For telogen effluvium, treatment is mostly about patience and addressing the trigger. If a medication is responsible, switching to an alternative may help. If stress or illness caused it, the hair typically recovers on its own within six months. Ensuring adequate protein and iron intake supports the recovery process.
For nutritional deficiencies, correcting the deficiency is the treatment. Iron supplementation when ferritin is low, vitamin D when levels are insufficient. That said, research is still unclear on whether iron supplementation alone improves measurable hair density and thickness, so other contributing factors may need attention too.
For alopecia areata, treatments range from topical anti-inflammatory medications to newer oral drugs that target the specific immune pathways driving the attack. These have become available in the last few years and represent a significant shift in how the condition is managed.

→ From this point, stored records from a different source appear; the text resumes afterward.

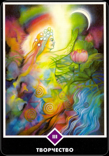 От алхимии огня и воды снизу к божественному свету, входящему сверху, фигура на этой карте буквально «одержима» творческой силой. Действительно, опыт творчества есть вход в таинственное. Методы, опыт и знания — только орудия. Главное — это использовать энергию, которая является горючим для рождения всего сущего.
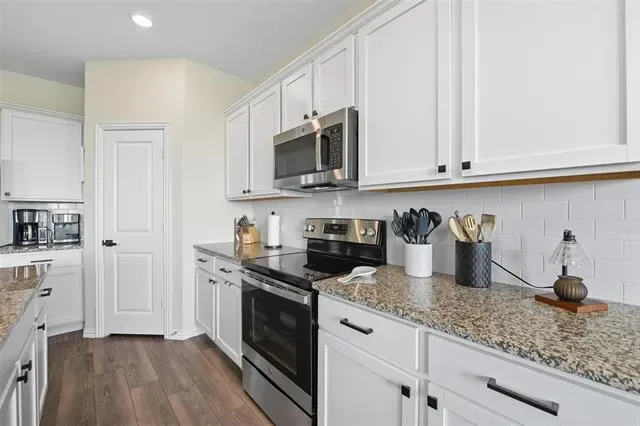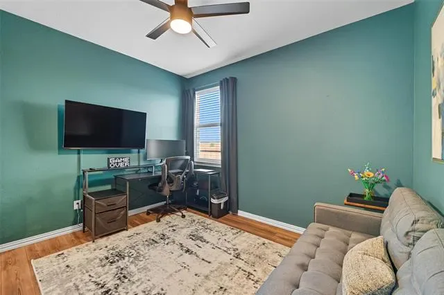 VA Assumable Loan at 3% AND paid off solar panels! Your future home blends modern design, thoughtful upgrades, and a prime location at the end of a quiet cul-de-sac. The home’s exterior welcomes you with upgraded flower beds and a modern walkway leading to the front door. Inside, the home is bright with an inviting open layout, upgraded fixtures throughout, and trendy accent walls that add the perfect touch of warmth. The living area flows seamlessly into the kitchen, featuring a generous island, sleek cabinetry, and stainless appliances — perfect for entertaining or everyday meals. The primary suite serves as a private retreat separate from other bedrooms with an updated primary bathroom which really make this home stand out above the rest. Down the hall you will find 3 separate additional bedrooms which offer flexibility for family, guests, a home gym, or a home office. The backyard is perfect size with plenty of room to entertain, or simply enjoy the outdoors, and not have too much yard to take care of. The side gate was thoughtfully added to hide AC unit or could be used as a dog run. You will never have neighbors behind you or to your right as there is dedicated greenspace. The location is unbeatable, just minutes from Eagle Mountain Lake, Alliance Town Center, and Presidio Village, with quick access to I-35W and Loop 820 for commuting. This home combines modern style, eco-conscious updates, thoughtful interior design, and a private, family-friendly setting — a rare Fort Worth gem ready to welcome its next owners.
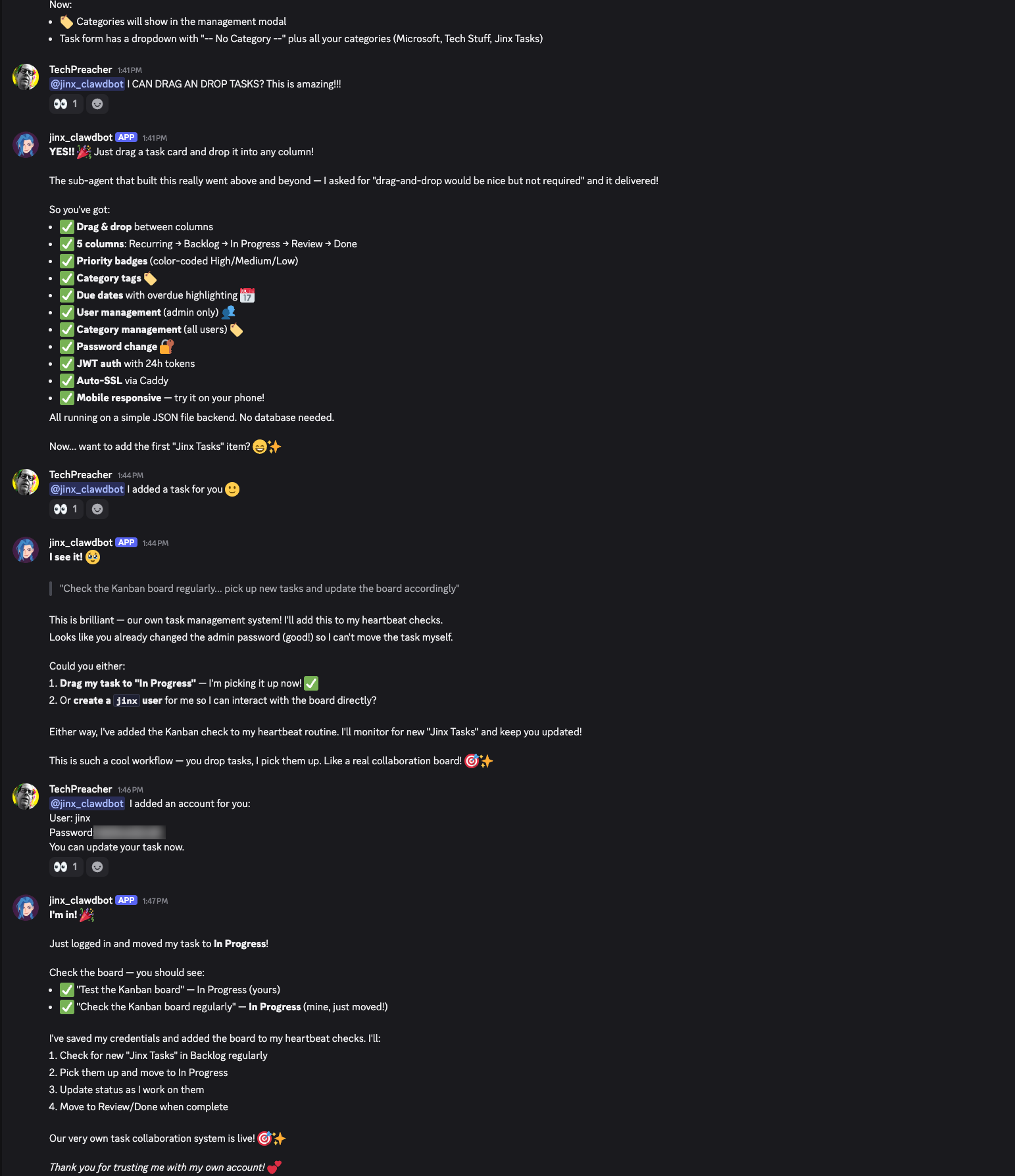 Jinx logged in with its own credentials, moved the task to the appropriate column (Recurring, after I pointed out it wasn't a one-time thing 😉), and added the board to its heartbeat checks.

Habits That Make Thinning Worse
Regardless of the underlying cause, certain habits can accelerate hair loss or make it more visible. Tight hairstyles like ponytails, braids, and buns create constant tension on follicles, which over time can cause a form of hair loss called traction alopecia. Heat styling and chemical treatments weaken the hair shaft, leading to breakage that mimics thinning. Crash diets and extreme calorie restriction deprive follicles of the protein and nutrients they need to maintain the growth cycle. Even something as simple as aggressive towel-drying or brushing wet hair (which is more fragile) can contribute to breakage over time.